After more than 20 years of war, both states were financially and demographically exhausted. Evidence of Carthage's financial situation includes their request for a 2,000-talent loan from Ptolemaic Egypt, which was refused. Rome was also close to bankruptcy and the number of adult male citizens, who provided the manpower for the navy and the legions, had declined by 17 per cent since the start of the war. Goldsworthy describes Roman manpower losses as "appalling".

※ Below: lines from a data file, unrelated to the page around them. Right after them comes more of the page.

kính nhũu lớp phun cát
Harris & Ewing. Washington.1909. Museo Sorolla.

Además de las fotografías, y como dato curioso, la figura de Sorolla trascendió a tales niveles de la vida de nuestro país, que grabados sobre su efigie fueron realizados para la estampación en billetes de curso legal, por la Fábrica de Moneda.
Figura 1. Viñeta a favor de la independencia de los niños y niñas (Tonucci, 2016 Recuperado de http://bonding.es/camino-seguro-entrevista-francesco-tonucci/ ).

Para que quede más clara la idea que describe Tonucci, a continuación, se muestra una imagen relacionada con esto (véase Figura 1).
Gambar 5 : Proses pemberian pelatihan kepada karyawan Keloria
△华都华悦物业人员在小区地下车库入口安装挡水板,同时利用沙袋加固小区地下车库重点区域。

In late 243 BC, realising they would not capture Drepana and Lilybaeum unless they could extend their blockade to the sea, the Senate decided to build a new fleet. With the state's coffers exhausted, the Senate approached Rome's wealthiest citizens for loans to finance the construction of one ship each, repayable from the reparations to be imposed on Carthage once the war was won. The result was a fleet of approximately 200 large warships, built, equipped and crewed without state expense. The Romans modelled the ships of their new fleet on Hannibal the Rhodian's captured blockade runner, ensuring that their ships had especially good qualities. The Romans had gained sufficient experience at shipbuilding that with a proven vessel as a model they produced high-quality ships. Importantly, the Romans changed their tactics, from ones based on boarding their opponents' ships to ones based on outmanoeuvring and ramming them.

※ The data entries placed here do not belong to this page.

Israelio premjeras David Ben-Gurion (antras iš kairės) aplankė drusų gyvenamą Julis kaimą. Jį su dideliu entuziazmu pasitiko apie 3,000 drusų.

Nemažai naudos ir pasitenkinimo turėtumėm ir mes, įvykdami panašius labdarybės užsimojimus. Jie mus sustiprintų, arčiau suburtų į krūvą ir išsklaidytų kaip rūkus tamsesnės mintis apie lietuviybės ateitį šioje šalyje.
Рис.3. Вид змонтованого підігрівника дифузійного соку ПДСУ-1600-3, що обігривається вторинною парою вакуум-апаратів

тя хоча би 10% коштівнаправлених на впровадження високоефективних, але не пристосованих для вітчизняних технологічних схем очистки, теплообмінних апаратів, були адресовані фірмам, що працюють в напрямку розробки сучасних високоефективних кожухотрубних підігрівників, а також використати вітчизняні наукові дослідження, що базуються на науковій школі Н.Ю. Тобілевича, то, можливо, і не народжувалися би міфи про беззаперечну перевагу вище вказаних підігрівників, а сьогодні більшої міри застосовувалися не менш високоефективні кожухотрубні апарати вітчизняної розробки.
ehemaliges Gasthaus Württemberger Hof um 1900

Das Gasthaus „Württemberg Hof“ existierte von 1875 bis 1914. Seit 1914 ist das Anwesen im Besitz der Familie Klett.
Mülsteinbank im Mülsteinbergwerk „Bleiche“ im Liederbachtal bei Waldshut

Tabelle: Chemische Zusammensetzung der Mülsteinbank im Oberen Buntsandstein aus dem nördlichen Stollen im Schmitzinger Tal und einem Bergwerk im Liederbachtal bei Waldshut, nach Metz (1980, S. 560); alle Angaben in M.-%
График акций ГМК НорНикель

In 241 BC the Carthaginians raised a fleet slightly larger than the Romans', which they intended to use to run supplies into Sicily. It would then embark much of the Carthaginian army stationed there to use as marines. It was intercepted by the Roman fleet under Gaius Lutatius Catulus and Quintus Valerius Falto, and in the hard-fought Battle of the Aegates the better-trained Romans defeated the undermanned and ill-trained Carthaginian fleet. After this decisive victory, the Romans continued their land operations in Sicily against Lilybaeum.

== Aftermath ==

The Carthaginian Senate was reluctant to allocate the resources necessary to have another fleet built and manned. Carthage had taken nine months to fit out the fleet that was defeated, and if they took another nine months to ready another fleet, the Sicilian cities still holding out would run out of supplies and request terms of peace. Strategically, Carthage would have to build a fleet capable of defeating the Roman fleet, and then raise an army capable of defeating the Roman forces on Sicily. Instead, the Carthaginian Senate ordered Hamilcar to negotiate a peace treaty with the Romans; he left Sicily in a rage, convinced that the surrender was unnecessary. The next most senior Carthaginian commander on Sicily, Gisco, the governor of Lilybaeum, agreed the peace terms with the Romans. The Treaty of Lutatius was signed in the same year as the Battle of the Aegates and brought the First Punic War to its end; Carthage evacuated Sicily, handed over all prisoners taken during the war and paid an indemnity of 3,200 talents – approximately 81 lt of silver – over ten years. The Carthaginian army on Sicily was concentrated in its last stronghold, Lilybaeum, from where it was shipped to Carthage in stages.

Tensions remained high between the two states, and both continued to expand in the western Mediterranean. When Carthage besieged the Roman-protected town of Saguntum in eastern Iberia in 218 BC, it ignited the Second Punic War with Rome. At the start of this war there were reports of a Carthaginian plan to recapture Lilybaeum, and several Carthaginian ships operated against the port, but the Roman consul on Sicily countered them and they came to nothing.